The healthcare industry is awash with Blockbuster and Kodak clones who are making the same mistakes today. Traditional network models where the reliance is on clinicians to promote your brand to their clients is changing and brand loyalty amongst clinicians is fading quickly and at a more accelerated rate since the advent of COVID 19 as clinics struggle with attendance and months of closure and are choosing lower cost solutions to maintain margin levels.

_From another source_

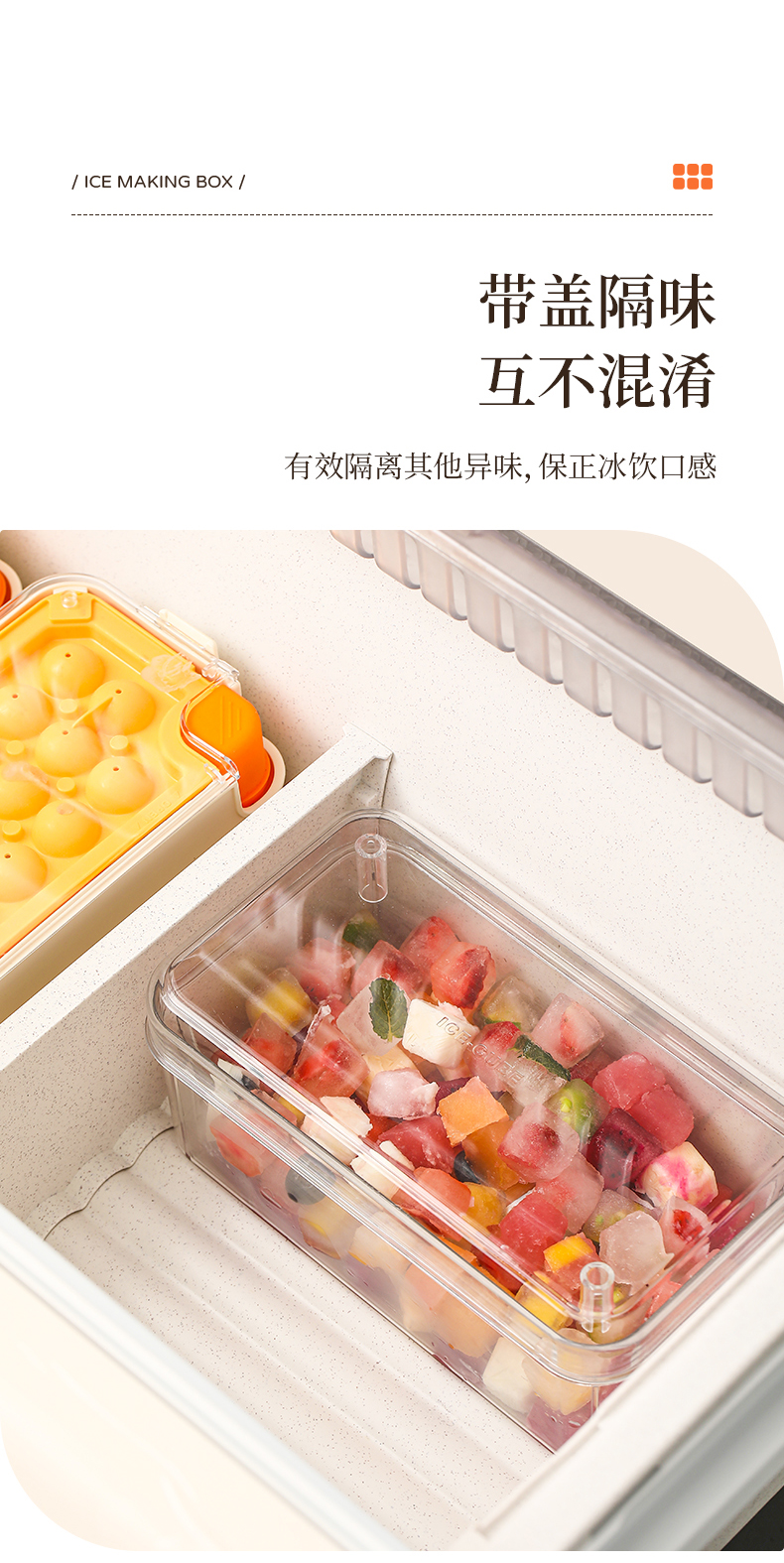 冰块模具家用食品级按压冰格冰箱制冰器储冰盒带盖冻冰块神器

Brands such as Smile Direct Club have taken the market on a 360 degree journey. Initially they both focused on owning the direct client relationship and selling a 3rd party product directly to the client to moving to their own aligner production to satisfy direct to consumer demand to an even wider stance of taking over the dentist relationship and offering their product into a traditional network model instead of brands like Invisalign and Clearcorrect by offering a lead generation model of complex clients, remote treatment and better commercial terms. This is a crystal ball for all traditional medial device manufacturers without a Direct to consumer strategy.